Империй. Люструм. Диктатор
![Империй. Люструм. Диктатор](/uploads/covers/2023-08-29/imperij-lyustrum-diktator-201.jpg-205x.webp)
- Автор: Роберт Харрис
- Жанр: Историческая проза
- Дата выхода: 2023
Читать книгу "Империй. Люструм. Диктатор"
Его раздражало то, в каких условиях нам приходилось существовать. Пожалуй, весной Фессалоника прелестна. Но шли месяцы, настало лето — а летом Фессалоника превращается в сырой ад, полный мелких крылатых тварей. Дыхание ветерка не шевелит ломкую траву. Воздух удушлив. А из-за того что городские стены удерживают жар, ночь порой бывает жарче дня.
Я спал в крошечной каморке рядом с комнатой Цицерона — вернее, пытался спать. В этом тесном помещении я чувствовал себя свиньей, жарящейся в кирпичной печи, и пот, собиравшийся у меня под спиной, казалось, был моей расплавленной плотью. Часто после полуночи я слышал, как Цицерон, спотыкаясь, бредет в темноте — дверь открывается, его босые ноги шлепают по мозаичному полу… Тогда я тоже выскальзывал в коридор и наблюдал за ним издалека, желая убедиться, что с ним все в порядке. Обычно он сидел во дворе на краю высохшего бассейна (фонтан забило пылью) и пристально смотрел на сверкающие звезды, словно хотел понять по их расположению, почему удача бесповоротно изменила ему.
Утром он часто вызывал меня к себе.
— Тирон, — шептал Цицерон, и его пальцы крепко стискивали мою руку, — я должен выбраться из этой поганой дыры. Я перестаю быть самим собой.

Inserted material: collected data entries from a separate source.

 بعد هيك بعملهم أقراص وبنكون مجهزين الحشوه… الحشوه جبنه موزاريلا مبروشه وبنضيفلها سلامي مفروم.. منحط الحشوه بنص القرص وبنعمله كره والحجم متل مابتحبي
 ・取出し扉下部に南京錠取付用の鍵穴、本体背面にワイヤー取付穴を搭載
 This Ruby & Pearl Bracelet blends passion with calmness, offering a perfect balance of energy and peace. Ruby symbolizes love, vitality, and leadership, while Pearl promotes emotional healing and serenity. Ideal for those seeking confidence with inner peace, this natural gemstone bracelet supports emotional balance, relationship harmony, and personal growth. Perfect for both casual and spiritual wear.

Но куда мы могли отправиться? Цицерон мечтал об Афинах или, возможно, о Родосе, но Планций и слышать об этом не хотел. Он настаивал на том, что Цицерон теперь подвергается еще большей опасности: слухи о его пребывании в этих краях уже разнеслись — и его легко могут убить. Спустя некоторое время я начал подозревать, что Планций наслаждается своей властью над таким знаменитым человеком и не хочет, чтобы мы его покинули. Я поделился своими сомнениями с Цицероном, который ответил:
— Он молод и честолюбив. Возможно, он решил, что положение в Риме изменится и он сможет достичь новых высот благодаря тому, что укрывает меня. Если так, он сам себя обманывает.

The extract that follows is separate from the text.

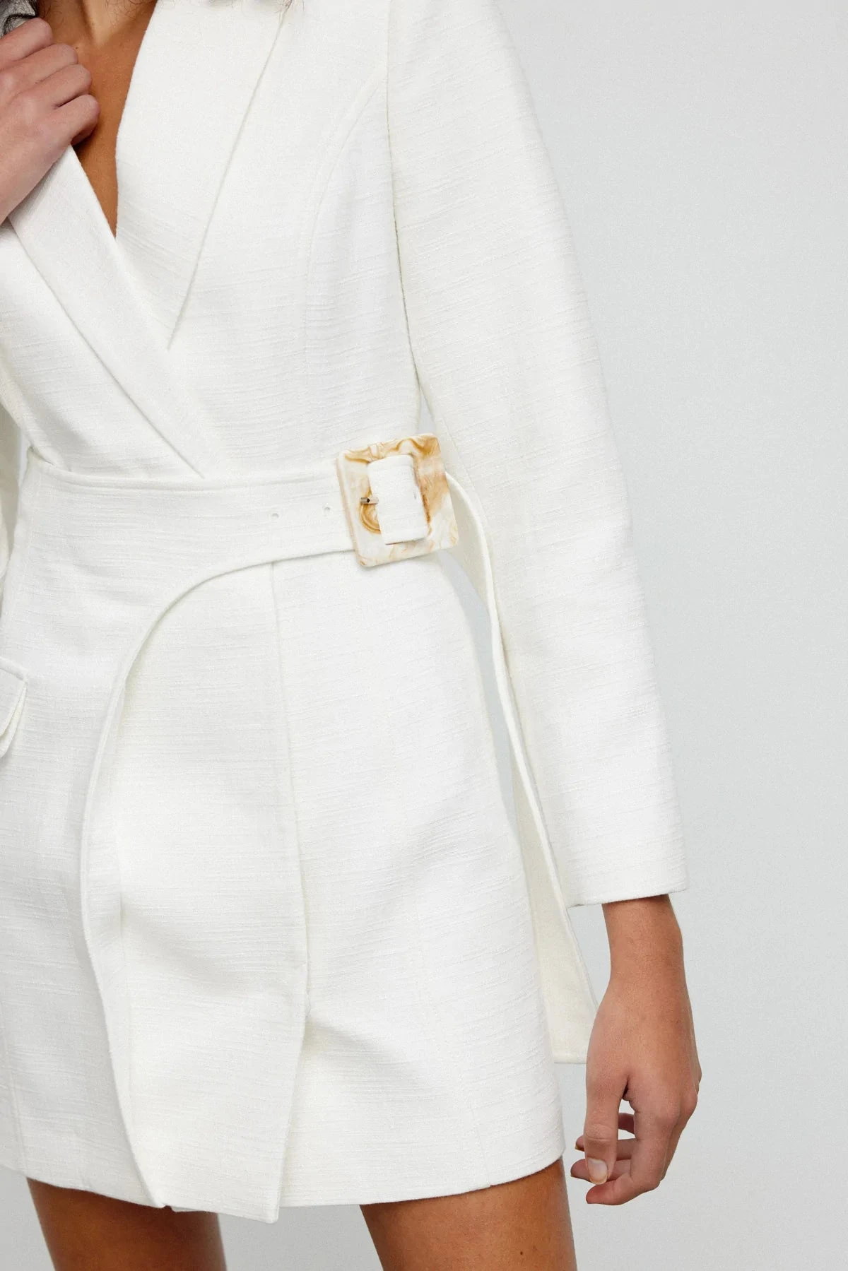 Crafted with the SO girl in mind, the Frankie Mini Dress in Cream is an elevated suiting style. Full length tailored sleeves, front button closure, wide lapels, adjustable waist belt and mock front pockets. Pair with a simple heel for an elevated finish.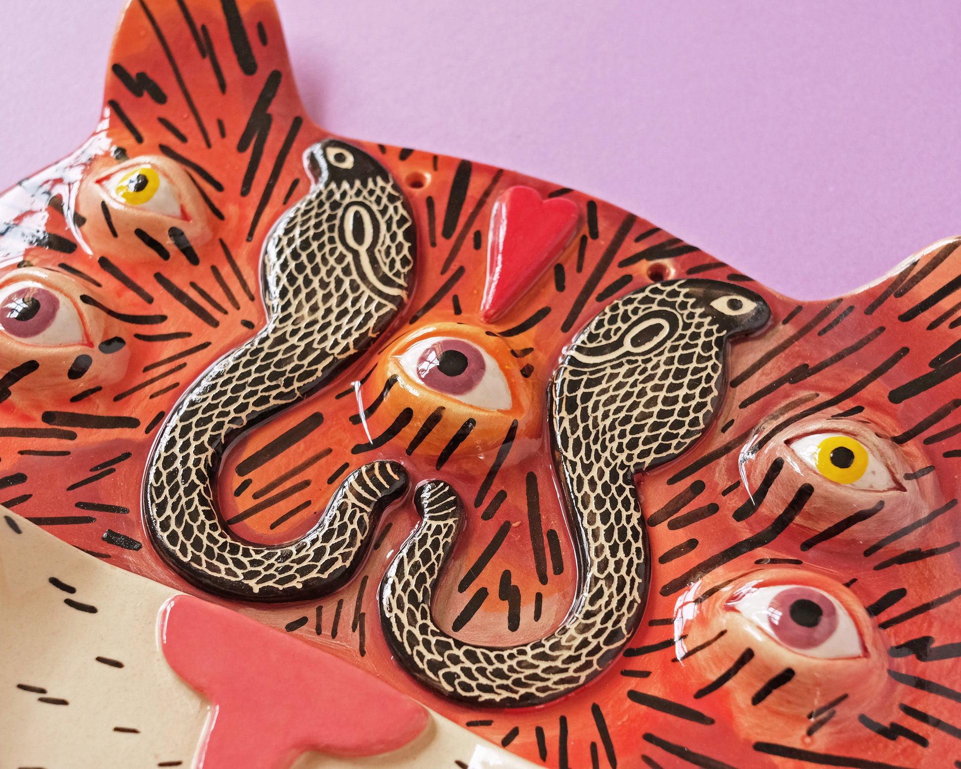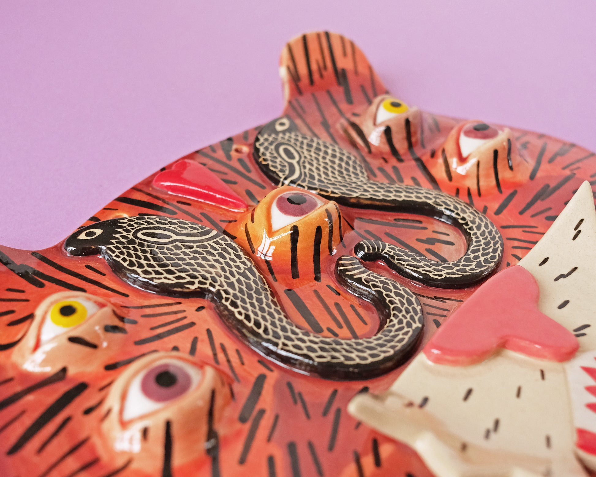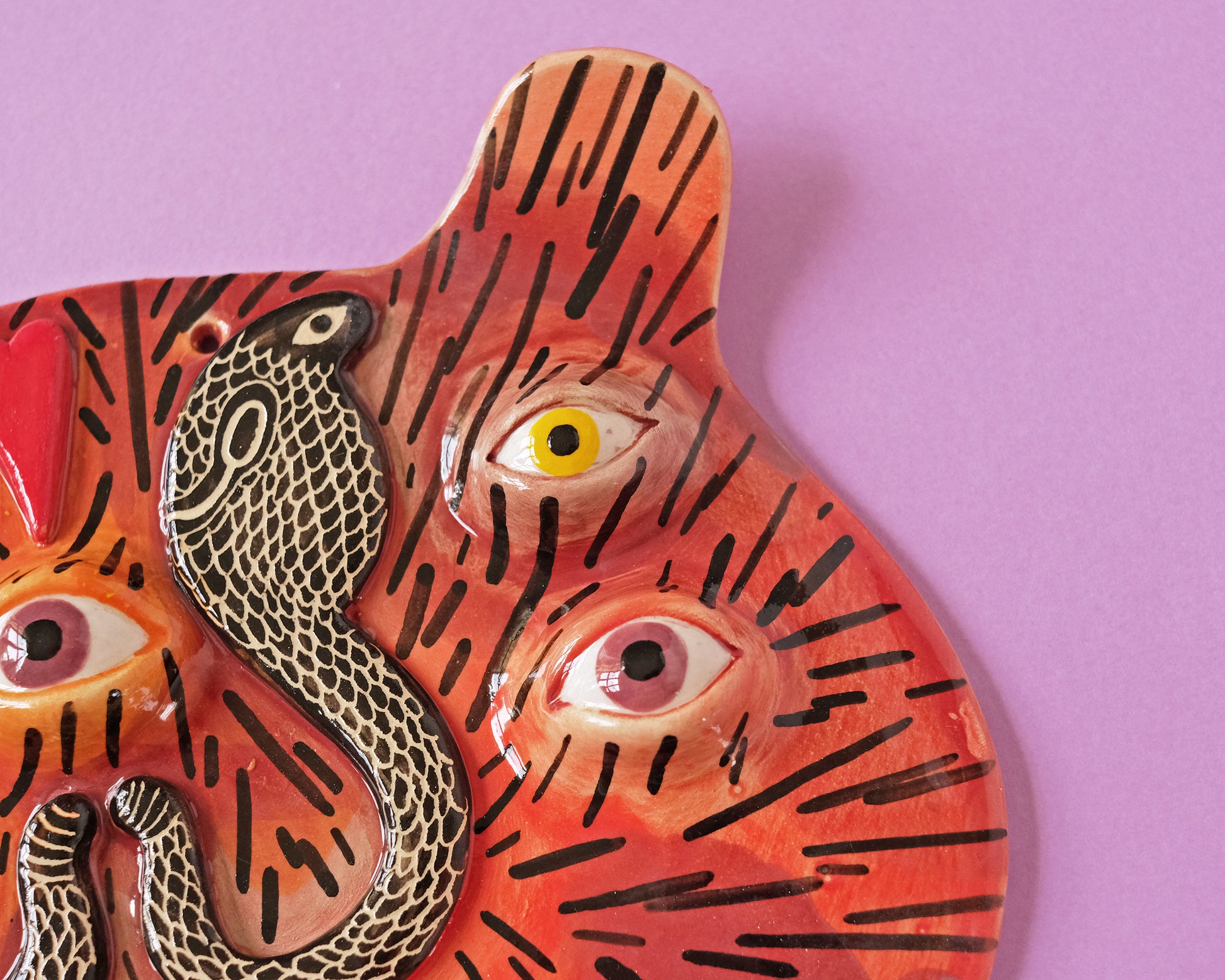 Unique one of a kind ceramic wall mask with the Tiger with 2 Snakes.

А однажды, ближе к вечеру, когда неистовость дневной жары уменьшилась, мне случилось отправиться в город со связкой писем, чтобы послать их в Рим. Было трудно уговорить Цицерона найти силы даже для того, чтобы отвечать на послания, а когда он все-таки это делал, получался перечень жалоб: «Я все еще нахожусь в том месте, лишенный всякой беседы, всякой мысли. Самое место менее всего пригодно для пребывания в нем в таком бедственном и печальном положении»[83].
Но все-таки он писал, и я нанял — на подмогу редким заслуживающим доверия путешественникам, которые перевозили наши письма, — гонца, предоставленного местным македонским торговцем по имени Эпифан, который возил товары в Италию и из нее. Конечно, Эпифан был закоренелым и к тому же ленивым проходимцем, как и большинство людей в этом уголке мира, но, как я решил, моих взяток хватит, чтобы купить его молчание.
У Эпифана имелся склад, стоявший на склоне близ Эгнатиевых ворот, близ дороги в гавань, где над крышами зданий вечно висела дымка от красно-зеленой пыли, поднимаемой путешествующими из Рима в Византий. Чтобы добраться до его конторы, приходилось пересекать двор, где загружались и разгружались повозки. В тот день на дворе стояла колесница — ее оглобли покоились на колодах, а выпряженные лошади шумно пили из корыта. Колесница настолько отличалась от обычных повозок, запряженных быками, что я резко остановился и подошел, собираясь как следует рассмотреть ее. Судя по всему, в пути ее не жалели: из-за грязи невозможно было угадать первоначальный цвет. Это была быстрая и крепкая повозка, созданная для боя, — военная колесница. Встретив наверху Эпифана, я спросил, чья она.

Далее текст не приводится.